Сегодня Монти был собой страшно недоволен, он злился на себя с самого утра. Он собирался посвятить день медитации, чтобы ощутить наконец внутри себя желанный мир и покой. В последнее время состояние собственного духа начало уже внушать ему опасения. Ведь могут же как-то другие люди переживать свои утраты, не впадая при этом в прострацию. Мысль о самоубийстве впервые в жизни казалась ему совершенно реальной, теперь он понимал тех, кто неутихающим душевным мукам предпочел полное исчезновение. Как угодно, но он должен, просто обязан положить конец этой пытке. Чувство вины перед Софи разрывало его душу, и в мозгу, как в кино, снова и снова прокручивались одни и те же сцены. Надо, думал он, переключиться на что-то другое – или уже переходить к следующему, еще более кошмарному способу существования. Он уже достиг полной неподвижности и, сузив глаза в щелки, призывал к себе тот покой, который выше всякого покоя и в котором нет места мелочной войне с собой и внутри себя, – но в душе понимал, что так он не найдет того, что нужно ему сейчас. Вся его жизненная мудрость и весь опыт подсказывали, что у него есть лишь один шанс пережить свое горе – отдаться ему целиком, и пусть даже на этом пути подстерегает безумие, но путь этот единственный, другого просто нет.

Он с бессмысленным упрямством цеплялся за мысль об учительстве. Перед смертью Софи он, хотя и мучился душевной болью – те муки теперь казались пустым нытьем, та боль легким покалыванием, – но все же был способен о чем-то думать. В частности, он думал, что ему было бы сейчас очень полезно взяться за какую-нибудь самую обычную работу. Возможно (если когда-нибудь он снова соберется писать), такая радикальная перемена в жизни пойдет ему даже на пользу. Ему нужно было что-то очень простое, но обязательное и обязывающее, нужно было чувствовать, что он играет пусть скромную, но важную для кого-то роль.
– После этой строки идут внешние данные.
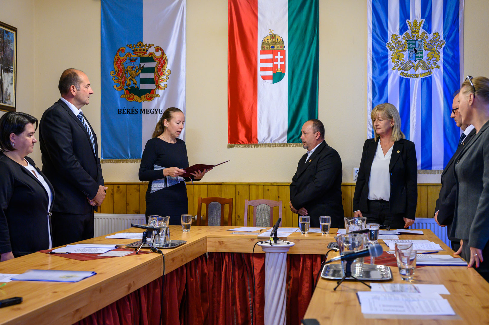 Dr. Kozák Réka átadta a megbízóleveleket a képviselőknek. Az esküt követően következtek az alakuló ülés napirendi pontjai.
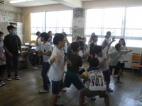 3年生の体育科のボール運動では、フロアバレーボールをしています。60~70㎝の高さで固定した紐と床の間を、ボールを打ち合って得点を獲得するゲームです。チームの友達に声を掛けながらボールをパスしたり、作戦タイムには動きの確認をしたりして、子供たちは終始、意欲的に活動をしていました。次はトーナメント制で対戦するそうです。どのチームが1位になるのか、楽しみです。

В моменты прозрения ему казалось, что, помогая другим, пусть даже через силу, он сможет исцелиться сам и, возможно, давняя его внутренняя война наконец чем-то закончится – во всяком случае, он сумеет перенести утрату (тогда еще будущую) без ожесточения. Ибо он прекрасно сознавал, что в душе его есть вещи темные и смутные, с которыми он не может и не сможет играть – так, как это делает, например, Блейз. Мило Фейн, кстати говоря, к этим вещам не относился, по сравнению с ними он был детской забавой (хоть и порожденной ими же). Гораздо больше отношения к ним имел Магнус Боулз. Теперь Софи умерла, но мысль об учительстве осталась. Она, правда, была уже лишена всякой надежды на «полезность», но, во всяком случае, представляла собой хоть какую-то «цель» в бесцельном существовании и хоть какой-то шанс справиться с поистине всепожирающим эгоцентризмом. Отсутствие «пользы» могло даже в известном смысле пойти на пользу. Кто знает, думал Монти, вдруг Жизнь вознаградит его потом за бескорыстный акт; если он и правда такой уж бескорыстный.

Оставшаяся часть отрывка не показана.